Local residents reported a scene of “chaos and fear as American soldiers and Iraqi security officers moved through the area in the darkness,” the Times reported. “They accused the Iraqis of firing indiscriminately, often at people who represented no threat.”

“I was sleeping when I was awakened by gunfire and explosions,” a resident told the Times. “I went out to see what was happening and they shot at me. They missed, but I went back inside and stayed there.”

Fallujah, 43 miles west of Baghdad, is located in the predominantly Sunni Anbar Province, a center of resistance to the US occupation since the 2003 invasion. In November 2004, the US military subjected Fallujah to a brutal siege, in which thousands were killed and more than half of the city’s buildings reduced to rubble. The population of 600,000 was reduced by half due to the killings and the forced exodus of those who fled the assault.

The siege involved some of the worst war crimes of the US occupation, including the summary execution of prisoners and the use of white phosphorus shells to burn insurgents and unarmed civilians alive.

This week’s murderous raid has reawakened the deep-seated rage of the local population over the suffering inflicted by the US occupation forces.

“The security situation in Fallujah may deteriorate because of what happened today,” Abdulfattah Izghear, a city council member, told the Washington Post. “We asked US troops and the Iraqi government to explain this unjustified action and this naked aggression against civilians.”

On Thursday, the city’s Municipal Council declared three days of mourning for the victims of the raid. A statement issued by the council read, “The people of Fallujah denounce this terrorist operation … motivated by the deep hatred of this city and its people.” Offices, schools and shops were shut down in protest over the killings.

Condemnation of the raid also came from officials in Ramadi, the capital city of Iraq’s western Anbar Province. The governor of the province Qassem al-Fahdawi demanded that the regime in Baghdad conduct an investigation into the raid. Officials reported that President Nouri al-Maliki has agreed to set up a commission to investigate the killings.

“All the casualties were civilians, including the owner of the house the troops targeted,” the governor said.

The US military faced protracted resistance in Anbar Province, which it was never able to subdue by force. Relative calm was restored only by the Pentagon paying former insurgents to form tribal militias known as the Awakening Councils or Sons of Iraq, which took charge of local security.

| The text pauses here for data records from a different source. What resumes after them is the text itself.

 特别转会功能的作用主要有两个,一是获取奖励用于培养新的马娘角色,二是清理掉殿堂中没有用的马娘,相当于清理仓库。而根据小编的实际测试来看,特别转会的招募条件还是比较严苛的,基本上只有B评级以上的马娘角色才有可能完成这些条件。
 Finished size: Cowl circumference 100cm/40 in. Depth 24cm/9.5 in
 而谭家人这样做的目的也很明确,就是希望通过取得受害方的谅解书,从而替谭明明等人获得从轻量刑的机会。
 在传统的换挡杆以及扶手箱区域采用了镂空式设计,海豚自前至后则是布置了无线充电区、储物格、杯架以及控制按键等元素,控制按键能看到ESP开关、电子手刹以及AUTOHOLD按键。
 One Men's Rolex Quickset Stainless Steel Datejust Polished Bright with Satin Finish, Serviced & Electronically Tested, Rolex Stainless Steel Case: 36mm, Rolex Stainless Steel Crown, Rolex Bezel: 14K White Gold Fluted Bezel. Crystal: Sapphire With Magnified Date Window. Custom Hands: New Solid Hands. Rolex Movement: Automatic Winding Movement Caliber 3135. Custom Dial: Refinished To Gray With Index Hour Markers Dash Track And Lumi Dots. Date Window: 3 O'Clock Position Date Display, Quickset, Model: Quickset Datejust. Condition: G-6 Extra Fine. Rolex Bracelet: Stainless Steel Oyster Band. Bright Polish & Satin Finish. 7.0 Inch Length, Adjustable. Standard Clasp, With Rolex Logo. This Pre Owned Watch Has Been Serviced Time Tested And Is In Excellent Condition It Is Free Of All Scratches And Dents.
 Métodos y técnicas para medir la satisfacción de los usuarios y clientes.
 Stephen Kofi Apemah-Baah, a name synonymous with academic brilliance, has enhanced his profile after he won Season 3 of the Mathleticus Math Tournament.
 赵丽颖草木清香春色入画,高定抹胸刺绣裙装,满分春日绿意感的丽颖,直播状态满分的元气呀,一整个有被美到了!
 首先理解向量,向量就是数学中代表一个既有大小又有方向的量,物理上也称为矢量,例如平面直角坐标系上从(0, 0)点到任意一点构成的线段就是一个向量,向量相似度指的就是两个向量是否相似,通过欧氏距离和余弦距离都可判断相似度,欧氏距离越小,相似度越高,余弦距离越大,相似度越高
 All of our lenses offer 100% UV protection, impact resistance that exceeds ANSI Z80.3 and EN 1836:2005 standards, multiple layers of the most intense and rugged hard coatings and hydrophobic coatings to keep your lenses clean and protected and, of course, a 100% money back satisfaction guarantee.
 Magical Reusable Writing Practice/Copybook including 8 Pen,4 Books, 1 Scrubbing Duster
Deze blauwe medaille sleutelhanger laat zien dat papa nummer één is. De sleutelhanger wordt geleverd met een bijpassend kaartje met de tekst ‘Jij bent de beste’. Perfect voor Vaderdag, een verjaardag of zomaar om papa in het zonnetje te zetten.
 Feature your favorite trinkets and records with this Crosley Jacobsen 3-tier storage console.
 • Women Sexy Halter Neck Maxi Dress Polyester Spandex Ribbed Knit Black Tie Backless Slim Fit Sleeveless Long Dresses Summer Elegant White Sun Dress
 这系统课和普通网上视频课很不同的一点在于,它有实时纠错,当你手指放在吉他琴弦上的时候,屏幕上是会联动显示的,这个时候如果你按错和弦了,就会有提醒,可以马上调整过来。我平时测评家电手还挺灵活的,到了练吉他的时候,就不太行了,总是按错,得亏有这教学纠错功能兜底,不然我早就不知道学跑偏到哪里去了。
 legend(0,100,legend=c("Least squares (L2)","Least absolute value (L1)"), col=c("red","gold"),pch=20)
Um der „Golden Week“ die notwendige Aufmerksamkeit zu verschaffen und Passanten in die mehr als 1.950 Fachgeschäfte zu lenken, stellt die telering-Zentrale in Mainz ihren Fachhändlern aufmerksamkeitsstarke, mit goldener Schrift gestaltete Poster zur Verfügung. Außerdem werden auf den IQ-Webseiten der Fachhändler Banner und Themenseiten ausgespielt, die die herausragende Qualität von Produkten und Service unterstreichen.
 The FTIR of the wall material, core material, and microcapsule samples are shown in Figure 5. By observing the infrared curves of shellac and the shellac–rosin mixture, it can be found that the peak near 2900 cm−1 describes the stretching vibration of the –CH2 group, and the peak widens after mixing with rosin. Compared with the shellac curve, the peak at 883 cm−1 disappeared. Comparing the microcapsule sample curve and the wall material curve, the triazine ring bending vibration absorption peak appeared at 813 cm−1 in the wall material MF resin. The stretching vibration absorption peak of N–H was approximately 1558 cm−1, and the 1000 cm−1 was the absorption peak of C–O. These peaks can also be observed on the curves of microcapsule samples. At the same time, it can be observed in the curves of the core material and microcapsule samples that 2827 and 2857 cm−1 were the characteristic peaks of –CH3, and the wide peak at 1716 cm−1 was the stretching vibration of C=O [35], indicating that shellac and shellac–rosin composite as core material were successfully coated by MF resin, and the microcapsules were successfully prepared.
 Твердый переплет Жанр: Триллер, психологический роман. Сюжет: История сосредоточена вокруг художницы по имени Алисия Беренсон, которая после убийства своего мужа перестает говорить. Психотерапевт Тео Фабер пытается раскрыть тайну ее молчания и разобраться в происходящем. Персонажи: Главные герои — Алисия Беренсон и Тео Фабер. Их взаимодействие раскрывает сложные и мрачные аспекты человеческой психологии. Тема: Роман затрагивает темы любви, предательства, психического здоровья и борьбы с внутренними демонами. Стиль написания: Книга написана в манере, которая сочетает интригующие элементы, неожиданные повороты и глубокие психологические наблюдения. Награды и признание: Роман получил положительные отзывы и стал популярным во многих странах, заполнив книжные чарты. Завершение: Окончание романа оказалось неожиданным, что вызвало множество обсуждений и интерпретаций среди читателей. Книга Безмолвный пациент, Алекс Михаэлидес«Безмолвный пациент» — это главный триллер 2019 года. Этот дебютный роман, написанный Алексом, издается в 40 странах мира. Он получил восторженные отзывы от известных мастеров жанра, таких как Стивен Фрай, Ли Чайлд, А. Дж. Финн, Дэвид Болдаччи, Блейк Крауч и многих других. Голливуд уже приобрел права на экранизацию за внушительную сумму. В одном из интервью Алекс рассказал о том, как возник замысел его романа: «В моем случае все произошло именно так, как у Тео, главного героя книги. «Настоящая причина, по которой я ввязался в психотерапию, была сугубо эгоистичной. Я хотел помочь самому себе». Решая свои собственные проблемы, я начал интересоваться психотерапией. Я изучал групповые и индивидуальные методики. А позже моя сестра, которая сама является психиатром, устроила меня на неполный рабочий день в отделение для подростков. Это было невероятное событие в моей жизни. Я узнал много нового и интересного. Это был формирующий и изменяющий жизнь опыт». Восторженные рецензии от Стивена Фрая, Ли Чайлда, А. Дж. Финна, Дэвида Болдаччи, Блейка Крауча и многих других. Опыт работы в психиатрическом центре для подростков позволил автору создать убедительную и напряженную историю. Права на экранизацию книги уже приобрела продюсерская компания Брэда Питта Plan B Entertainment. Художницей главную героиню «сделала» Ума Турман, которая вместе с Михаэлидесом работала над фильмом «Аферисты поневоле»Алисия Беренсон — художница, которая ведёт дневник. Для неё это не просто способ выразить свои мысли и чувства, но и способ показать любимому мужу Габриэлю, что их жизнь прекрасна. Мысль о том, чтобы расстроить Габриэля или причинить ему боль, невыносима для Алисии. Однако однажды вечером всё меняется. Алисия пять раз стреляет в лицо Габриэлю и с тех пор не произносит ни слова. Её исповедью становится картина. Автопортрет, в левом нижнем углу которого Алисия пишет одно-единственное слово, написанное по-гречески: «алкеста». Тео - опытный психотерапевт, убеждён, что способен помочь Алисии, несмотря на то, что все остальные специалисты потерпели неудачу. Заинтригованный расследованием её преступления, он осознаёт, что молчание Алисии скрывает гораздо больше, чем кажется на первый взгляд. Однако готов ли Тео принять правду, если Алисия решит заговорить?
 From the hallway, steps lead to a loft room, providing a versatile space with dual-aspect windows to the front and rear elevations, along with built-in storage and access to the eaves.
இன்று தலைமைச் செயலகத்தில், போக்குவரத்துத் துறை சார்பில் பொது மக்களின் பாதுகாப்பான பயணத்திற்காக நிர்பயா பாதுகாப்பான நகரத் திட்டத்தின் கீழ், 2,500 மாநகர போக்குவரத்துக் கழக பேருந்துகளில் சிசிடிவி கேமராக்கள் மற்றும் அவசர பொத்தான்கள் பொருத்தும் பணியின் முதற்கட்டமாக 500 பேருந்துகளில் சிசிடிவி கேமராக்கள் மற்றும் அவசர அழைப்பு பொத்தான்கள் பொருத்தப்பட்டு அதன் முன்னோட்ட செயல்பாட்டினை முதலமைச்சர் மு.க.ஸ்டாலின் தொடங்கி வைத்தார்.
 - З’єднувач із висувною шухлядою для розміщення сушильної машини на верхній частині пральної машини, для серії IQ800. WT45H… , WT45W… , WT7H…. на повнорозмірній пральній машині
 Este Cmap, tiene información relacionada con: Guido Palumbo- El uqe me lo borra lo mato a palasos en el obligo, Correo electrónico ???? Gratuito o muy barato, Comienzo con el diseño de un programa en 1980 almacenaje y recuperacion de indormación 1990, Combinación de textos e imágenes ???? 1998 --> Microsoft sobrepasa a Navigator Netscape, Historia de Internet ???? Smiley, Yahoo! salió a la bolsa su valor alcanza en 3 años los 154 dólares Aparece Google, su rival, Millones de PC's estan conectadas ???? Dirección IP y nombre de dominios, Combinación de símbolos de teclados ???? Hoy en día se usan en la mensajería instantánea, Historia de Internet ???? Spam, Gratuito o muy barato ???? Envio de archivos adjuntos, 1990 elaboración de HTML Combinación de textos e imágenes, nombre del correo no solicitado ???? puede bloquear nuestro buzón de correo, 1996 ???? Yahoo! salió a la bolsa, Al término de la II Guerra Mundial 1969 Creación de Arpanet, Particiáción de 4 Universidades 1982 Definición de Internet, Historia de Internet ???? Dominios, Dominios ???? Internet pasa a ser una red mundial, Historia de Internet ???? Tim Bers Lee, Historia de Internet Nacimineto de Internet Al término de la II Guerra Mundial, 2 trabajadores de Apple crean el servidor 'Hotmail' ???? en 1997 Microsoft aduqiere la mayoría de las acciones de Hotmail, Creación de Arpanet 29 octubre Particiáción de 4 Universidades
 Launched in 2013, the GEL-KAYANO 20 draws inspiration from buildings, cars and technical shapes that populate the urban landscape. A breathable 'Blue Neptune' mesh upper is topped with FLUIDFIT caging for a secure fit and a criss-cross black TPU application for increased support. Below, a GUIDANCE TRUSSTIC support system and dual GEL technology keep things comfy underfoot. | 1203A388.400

One thing that the formal end of the US “combat mission” has meant is that responsibility for these militias has been handed over to the Shia-dominated central government in Baghdad, which has failed to pay many of the militiamen. While disarming some of the militias, the government has reneged on pledges to provide their members with government jobs or integrate them into the security forces.

Al Qaeda has increasingly targeted the leadership of the “Awakening” groups, while seeking to recruit its members into the insurgency.

“The Sahwa [Awakening Councils] are finished and we see the truth that the stability they supposedly brought was an illusion, it was never really there,” Harith al Dhari, the exiled chairman of Association of Muslim Scholars, a Sunni opposition group, told the Abu Dhabi-based daily, the National. “He insisted tribal leaders in the Sahwa Councils now viewed their decisions to join with the government and US as a mistake,” the paper reported. “They are like loyal slaves who get killed for that loyalty,” he said.

Unrest in the region has intensified in the context of the continuing failure of Iraq’s discredited sectarian political parties to form a new government, six months after parliamentary elections last March. The new 325-member parliament has met only once since the election, for a 20-minute session.